Search code examples
dockertensorflowgoogle-cloud-platformtensorflow-servinggoogle-cloud-ml

Unable to create a version in Cloud AI Platform using custom containers for prediction


Because of certain VPC restrictions I am forced to use custom containers for predictions for a model trained on Tensorflow. According to the documentation requirements I have created a HTTP server using Tensorflow Serving. The Dockerfile used to build the image is as follows:

FROM tensorflow/serving:2.3.0-gpu

# copy the model file
ENV MODEL_NAME=my_model
COPY my_model /models/my_model

Where my_model contains the saved_model inside a folder named 1/.

I have then pushed the container image to Artifact Registry and then created a Model. To create a Version I have selected Customer Container on the Cloud Console UI and and added the path to the Container Image. I have then mentioned the Prediction route and the Health route to be /v1/models/my_model:predict and have changed the Port to 8501. I have also selected the machine type to be a single compute node of type n1-standard-16 and 1 P100 GPU and kept scaling Auto scaling.

After clicking on Save I can see the Tensorflow Server starting and while viewing the logs we can see the following messages:

Successfully loaded servable version {name: my_model version: 1}

Running gRPC ModelServer at 0.0.0.0:8500

Exporting HTTP/REST API at:localhost:8501

NET_LOG: Entering the event loop

However after about 20-25 minutes the version creation just stops throwing out the following error:

Error: model server never became ready. Please validate that your model file or container configuration are valid.

I am unable to figure why this is happening. I am able to run the same docker image on my local machine and I am able to successfully get predictions by hitting the endpoint that is created: http://localhost:8501/v1/models/my_model:predict

Any help is this regard will be appreciated.


Solution

  • Answering this myself after working with the Google Cloud Support Team to figure out the error.
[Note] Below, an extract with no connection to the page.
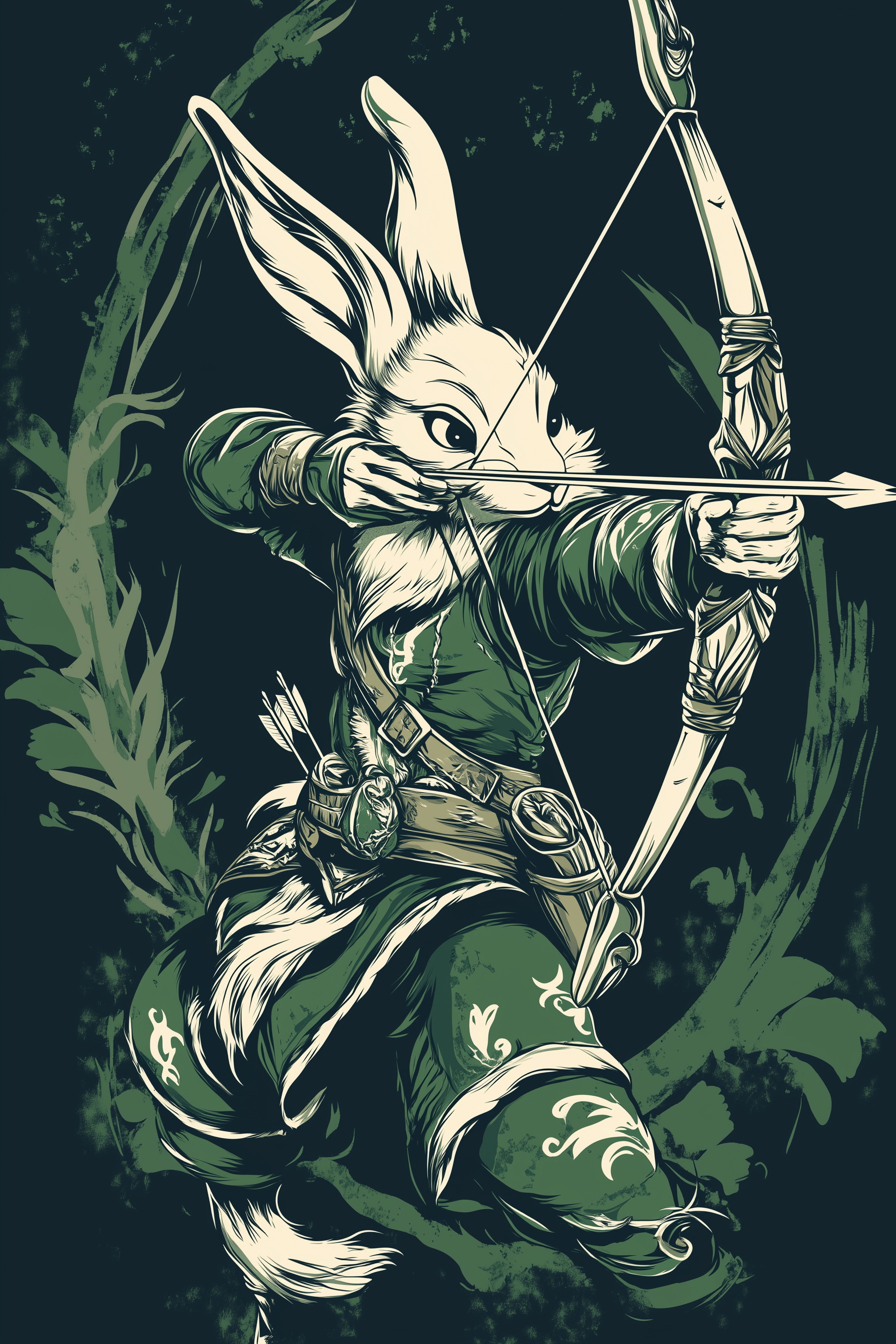 The image depicts a majestic rabbit archer dressed in a combination of green and white attire, poised to take aim with a bow. The illustration captures a dynamic and adventurous essence, blending a sense of pride with the thrill of archery.

    Turns out the port I was creating a Version on was conflicting with the Kubernetes deployment on Cloud AI Platform's side. So I changed the Dockerfile to the following and was able to successfully run Online Predictions on both Classic AI Platform and Unified AI Platform:

    FROM tensorflow/serving:2.3.0-gpu
    
    # Set where models should be stored in the container
    ENV MODEL_BASE_PATH=/models
    RUN mkdir -p ${MODEL_BASE_PATH}
    
    # copy the model file
    ENV MODEL_NAME=my_model
    COPY my_model /models/my_model
    
    EXPOSE 5000
    
    EXPOSE 8080
    
    CMD ["tensorflow_model_server", "--rest_api_port=8080", "--port=5000", "--model_name=my_model", "--model_base_path=/models/my_model"]